#### DATA SUPPLIED ####

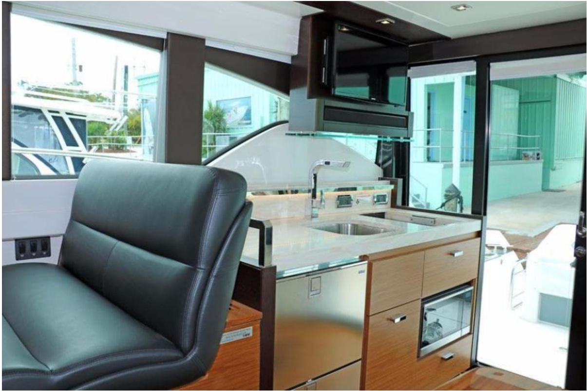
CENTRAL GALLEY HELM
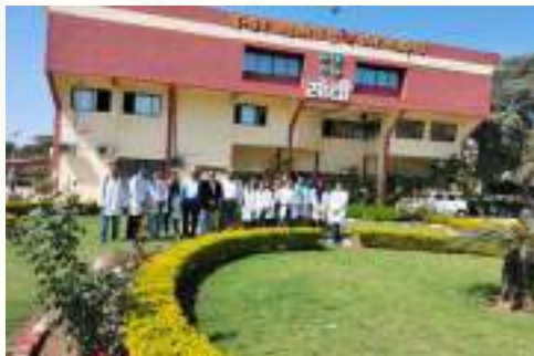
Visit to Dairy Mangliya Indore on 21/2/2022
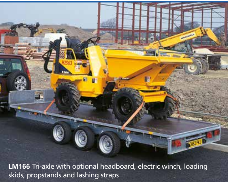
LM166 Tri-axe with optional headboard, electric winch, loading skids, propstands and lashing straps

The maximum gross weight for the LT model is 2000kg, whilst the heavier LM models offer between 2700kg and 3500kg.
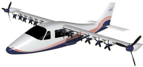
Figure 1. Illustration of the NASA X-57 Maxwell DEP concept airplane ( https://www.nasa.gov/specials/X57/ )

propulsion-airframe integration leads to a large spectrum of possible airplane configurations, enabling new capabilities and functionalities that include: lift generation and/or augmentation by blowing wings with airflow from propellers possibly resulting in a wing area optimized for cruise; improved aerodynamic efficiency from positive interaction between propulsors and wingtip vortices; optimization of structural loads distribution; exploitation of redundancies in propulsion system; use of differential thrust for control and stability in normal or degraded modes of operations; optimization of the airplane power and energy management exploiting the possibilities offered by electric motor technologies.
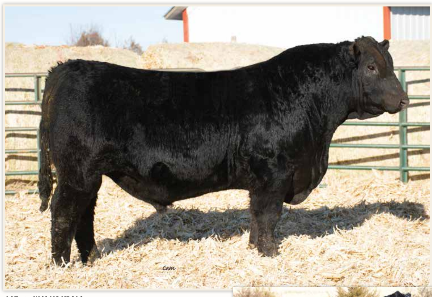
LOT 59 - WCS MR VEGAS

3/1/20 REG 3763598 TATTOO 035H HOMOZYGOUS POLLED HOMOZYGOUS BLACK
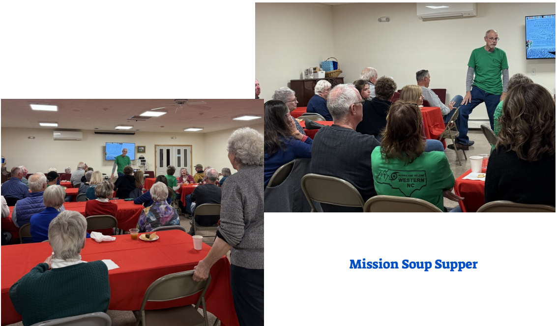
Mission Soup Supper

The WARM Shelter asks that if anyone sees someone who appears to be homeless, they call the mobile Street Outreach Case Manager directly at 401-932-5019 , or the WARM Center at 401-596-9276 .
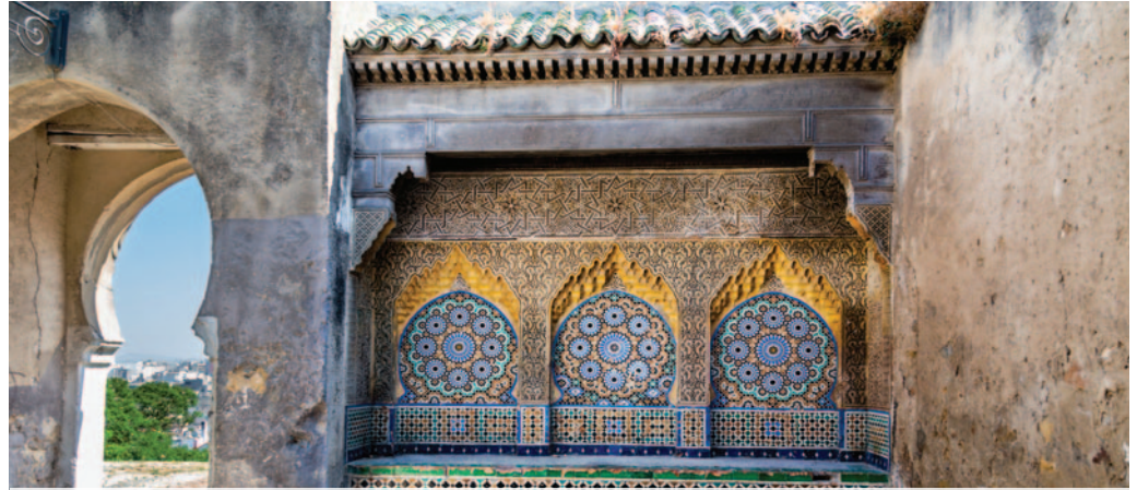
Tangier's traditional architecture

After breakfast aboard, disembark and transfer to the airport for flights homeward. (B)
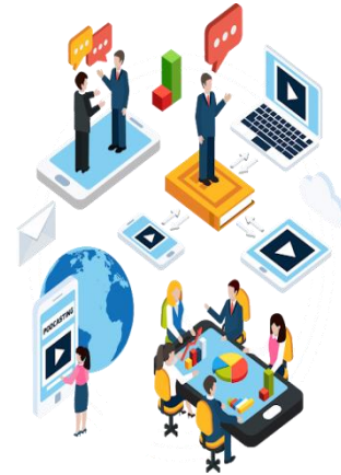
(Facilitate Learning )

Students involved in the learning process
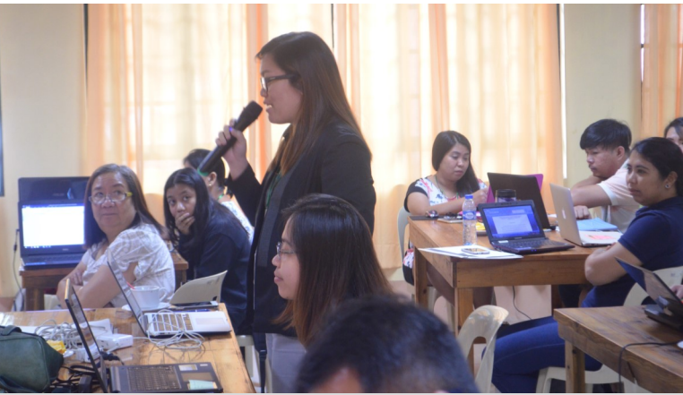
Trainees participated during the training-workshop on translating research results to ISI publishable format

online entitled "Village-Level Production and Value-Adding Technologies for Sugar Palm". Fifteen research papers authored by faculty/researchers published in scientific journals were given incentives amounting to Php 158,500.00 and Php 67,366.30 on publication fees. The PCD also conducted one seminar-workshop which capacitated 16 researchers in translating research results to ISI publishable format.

####

Above are the records. Copy word for word only their lines from the one holding "Visit to Dairy Mangliya Indore on 21/2/2022" through the one holding "LM166 Tri-axe with", both included, and skip the images.

Visit to Dairy Mangliya Indore on 21/2/2022
LM166 Tri-axe with optional headboard, electric winch, loading skids, propstands and lashing straps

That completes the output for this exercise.